- _Assignment_:
Please copy exactly the line containing "act of survival." and every line after it, through the last line of the records below, leaving out all pictures.
◇ ◇ ◇
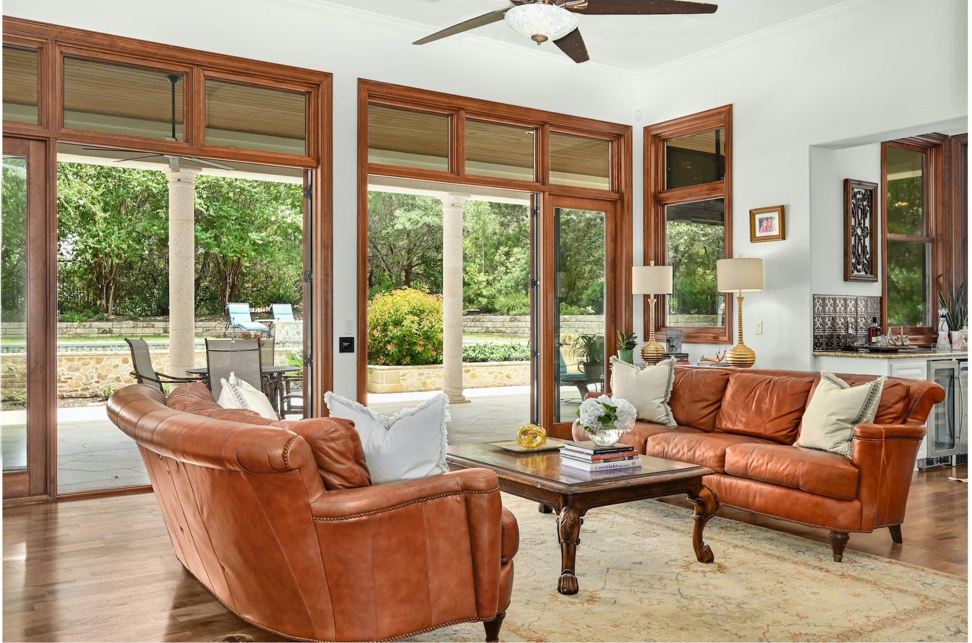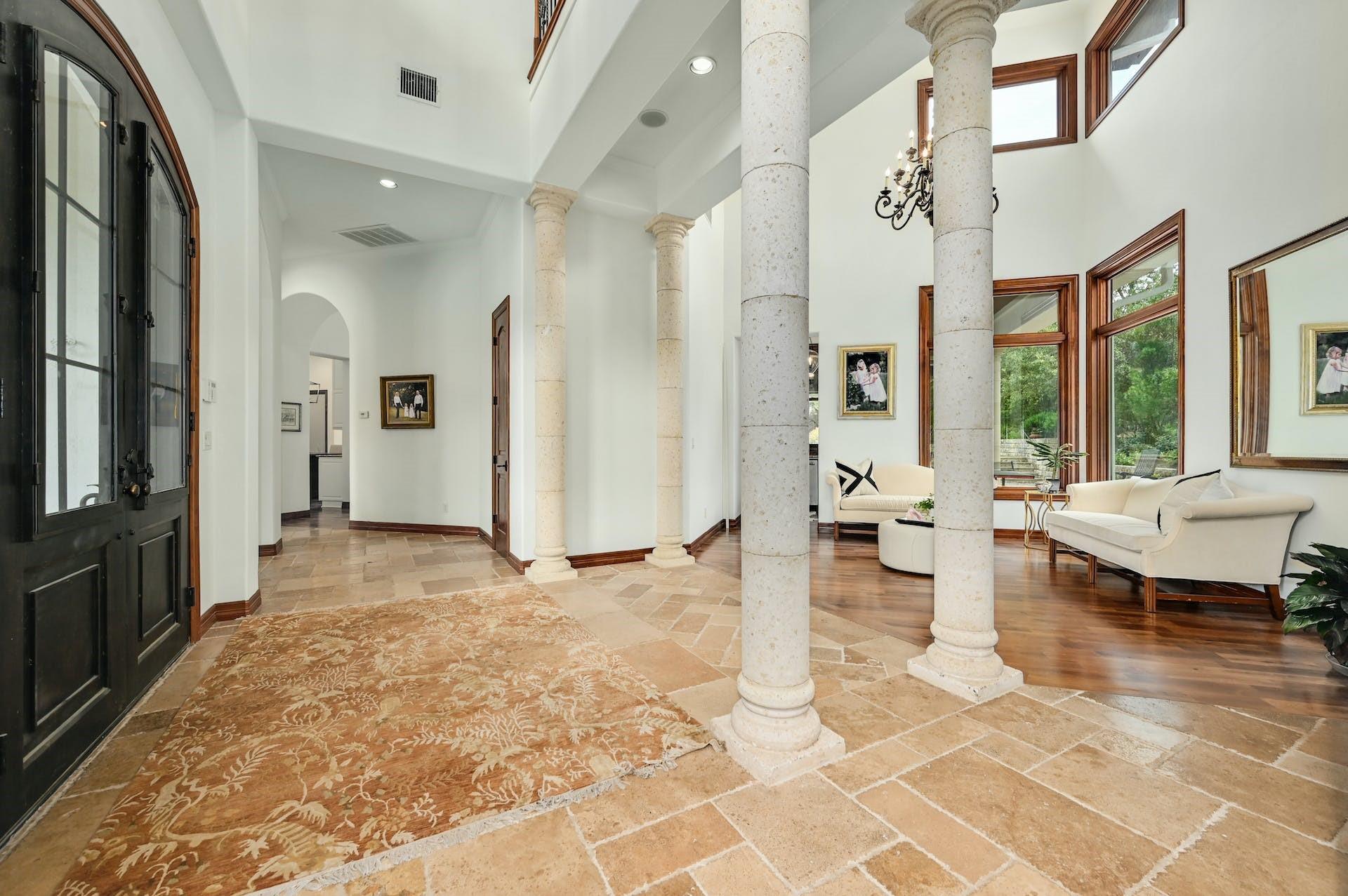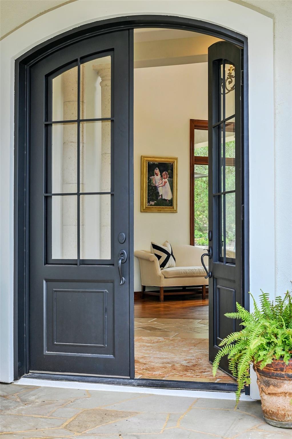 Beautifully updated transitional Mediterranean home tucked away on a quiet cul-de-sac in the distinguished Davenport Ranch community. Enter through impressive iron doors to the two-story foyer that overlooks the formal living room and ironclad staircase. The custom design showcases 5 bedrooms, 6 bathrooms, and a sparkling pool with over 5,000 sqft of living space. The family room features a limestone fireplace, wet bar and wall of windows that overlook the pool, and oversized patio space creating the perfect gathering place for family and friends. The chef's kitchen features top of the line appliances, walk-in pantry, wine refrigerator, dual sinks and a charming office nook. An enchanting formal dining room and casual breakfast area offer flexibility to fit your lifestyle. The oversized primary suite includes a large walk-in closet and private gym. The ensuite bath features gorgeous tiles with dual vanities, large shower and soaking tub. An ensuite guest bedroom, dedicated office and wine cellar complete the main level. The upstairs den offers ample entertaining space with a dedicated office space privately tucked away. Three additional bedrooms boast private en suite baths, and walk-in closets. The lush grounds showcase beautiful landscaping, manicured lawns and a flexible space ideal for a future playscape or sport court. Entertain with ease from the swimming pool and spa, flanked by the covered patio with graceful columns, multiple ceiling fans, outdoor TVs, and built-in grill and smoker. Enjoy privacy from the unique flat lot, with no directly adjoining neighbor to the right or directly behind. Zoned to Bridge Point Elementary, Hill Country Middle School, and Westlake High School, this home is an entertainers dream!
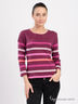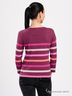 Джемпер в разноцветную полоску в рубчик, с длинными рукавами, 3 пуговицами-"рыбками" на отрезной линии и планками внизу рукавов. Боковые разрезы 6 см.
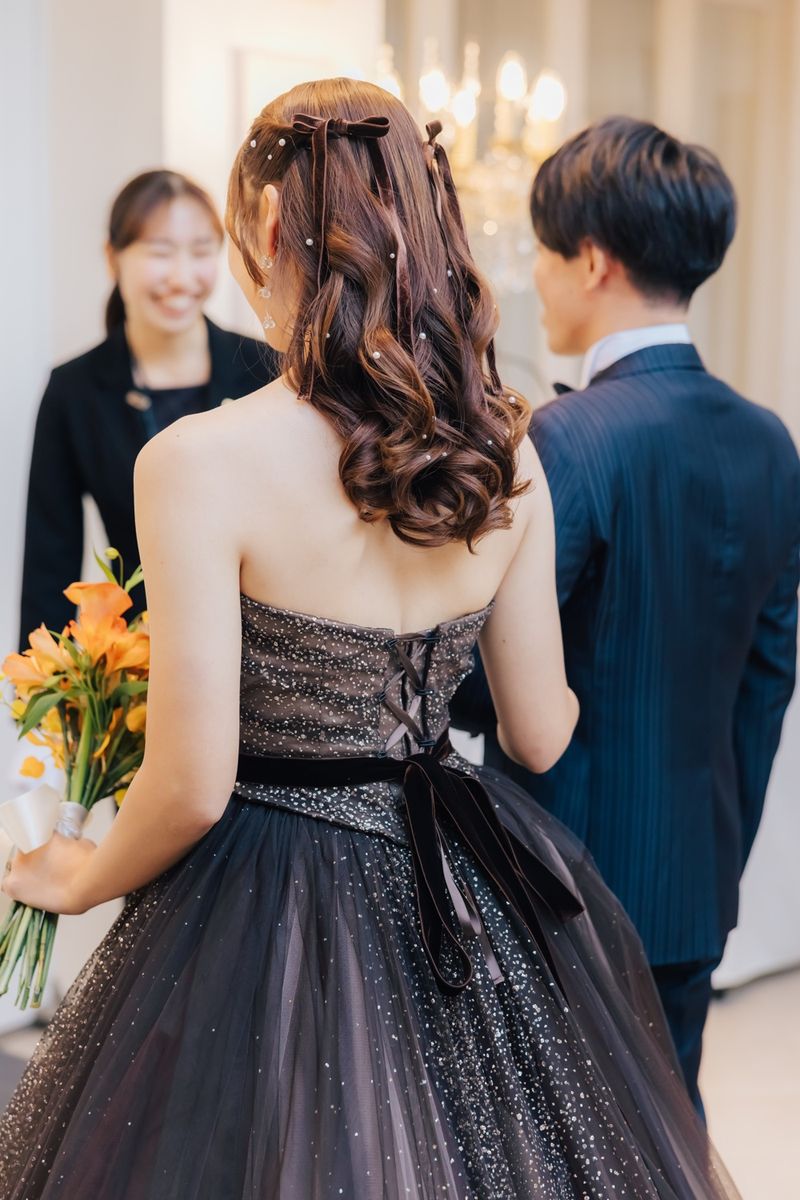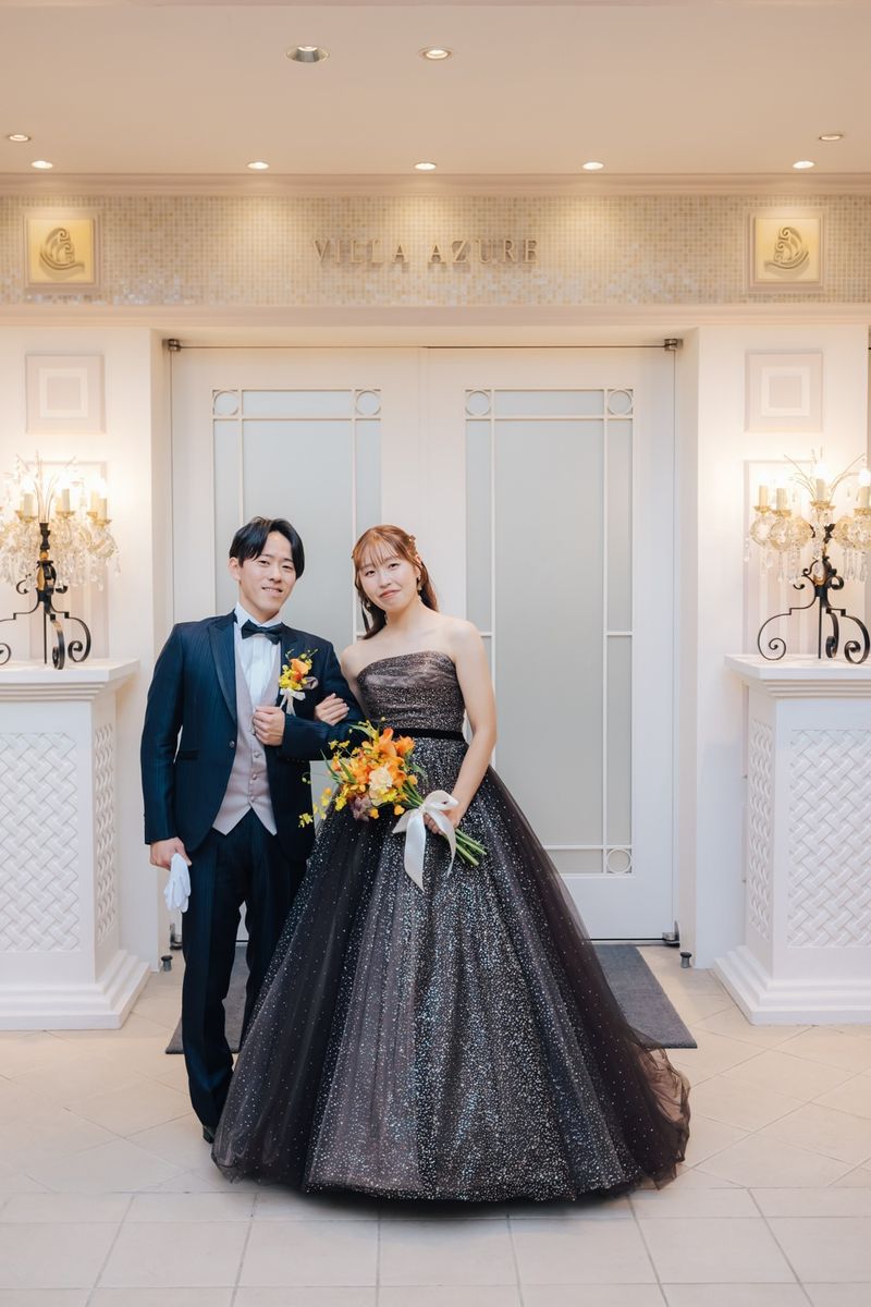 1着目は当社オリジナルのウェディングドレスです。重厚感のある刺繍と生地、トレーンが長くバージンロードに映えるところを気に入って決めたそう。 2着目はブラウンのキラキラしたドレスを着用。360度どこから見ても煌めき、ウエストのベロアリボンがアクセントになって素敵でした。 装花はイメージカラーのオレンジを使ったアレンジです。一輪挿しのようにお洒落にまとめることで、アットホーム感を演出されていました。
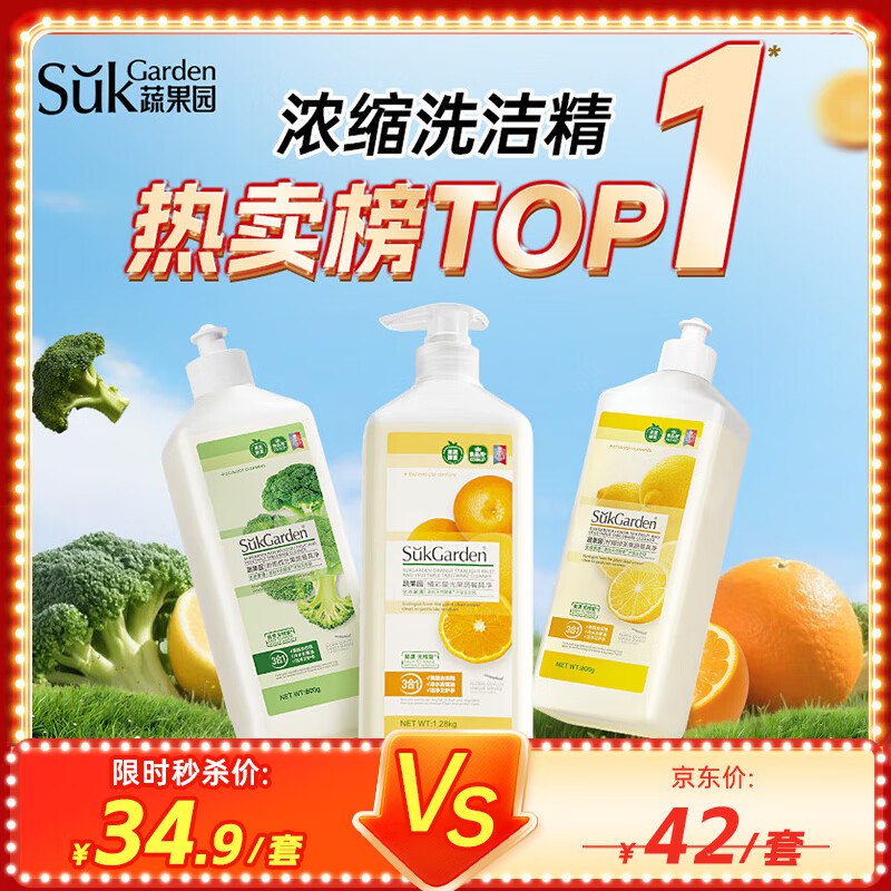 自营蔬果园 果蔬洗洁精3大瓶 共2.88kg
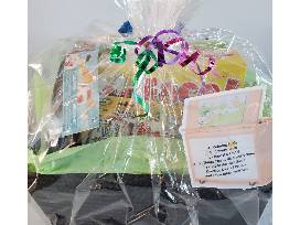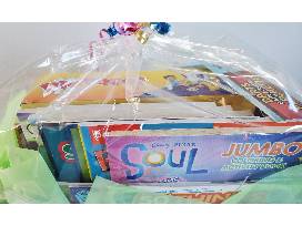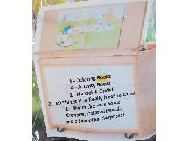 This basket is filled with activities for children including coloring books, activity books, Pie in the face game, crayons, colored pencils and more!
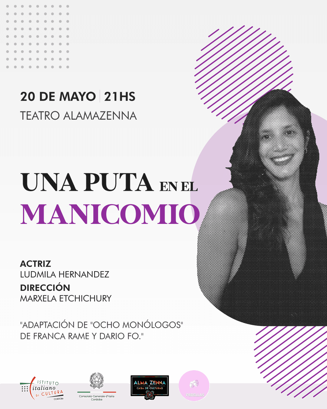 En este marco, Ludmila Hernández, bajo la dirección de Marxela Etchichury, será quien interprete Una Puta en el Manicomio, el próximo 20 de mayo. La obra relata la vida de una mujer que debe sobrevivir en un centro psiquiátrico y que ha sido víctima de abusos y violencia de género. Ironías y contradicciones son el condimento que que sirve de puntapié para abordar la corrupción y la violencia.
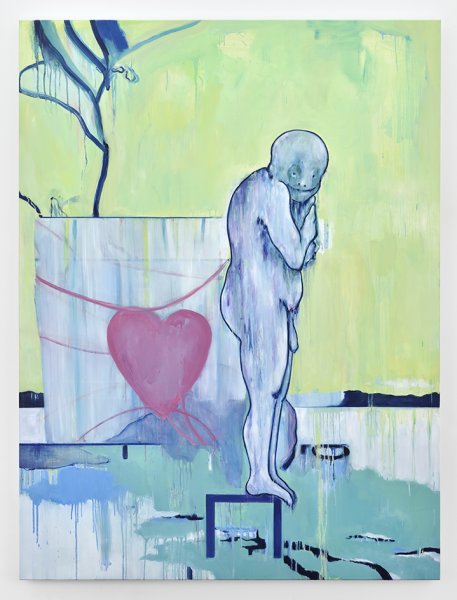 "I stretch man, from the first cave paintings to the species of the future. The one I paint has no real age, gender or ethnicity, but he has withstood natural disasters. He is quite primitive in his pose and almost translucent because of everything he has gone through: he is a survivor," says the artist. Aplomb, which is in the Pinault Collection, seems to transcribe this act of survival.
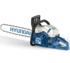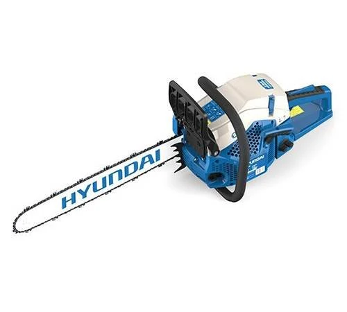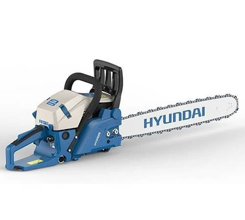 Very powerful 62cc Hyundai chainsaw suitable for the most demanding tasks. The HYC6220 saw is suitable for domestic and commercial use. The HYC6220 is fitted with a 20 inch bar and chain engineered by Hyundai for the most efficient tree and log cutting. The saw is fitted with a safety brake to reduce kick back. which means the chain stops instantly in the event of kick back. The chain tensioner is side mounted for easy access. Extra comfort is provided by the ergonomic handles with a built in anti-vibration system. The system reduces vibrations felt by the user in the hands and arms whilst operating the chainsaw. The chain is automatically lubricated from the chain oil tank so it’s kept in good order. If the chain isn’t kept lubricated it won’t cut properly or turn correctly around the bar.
◇ ◇ ◇
- _Output of the exercise_:
 "I stretch man, from the first cave paintings to the species of the future. The one I paint has no real age, gender or ethnicity, but he has withstood natural disasters. He is quite primitive in his pose and almost translucent because of everything he has gone through: he is a survivor," says the artist. Aplomb, which is in the Pinault Collection, seems to transcribe this act of survival.
 Very powerful 62cc Hyundai chainsaw suitable for the most demanding tasks. The HYC6220 saw is suitable for domestic and commercial use. The HYC6220 is fitted with a 20 inch bar and chain engineered by Hyundai for the most efficient tree and log cutting. The saw is fitted with a safety brake to reduce kick back. which means the chain stops instantly in the event of kick back. The chain tensioner is side mounted for easy access. Extra comfort is provided by the ergonomic handles with a built in anti-vibration system. The system reduces vibrations felt by the user in the hands and arms whilst operating the chainsaw. The chain is automatically lubricated from the chain oil tank so it’s kept in good order. If the chain isn’t kept lubricated it won’t cut properly or turn correctly around the bar.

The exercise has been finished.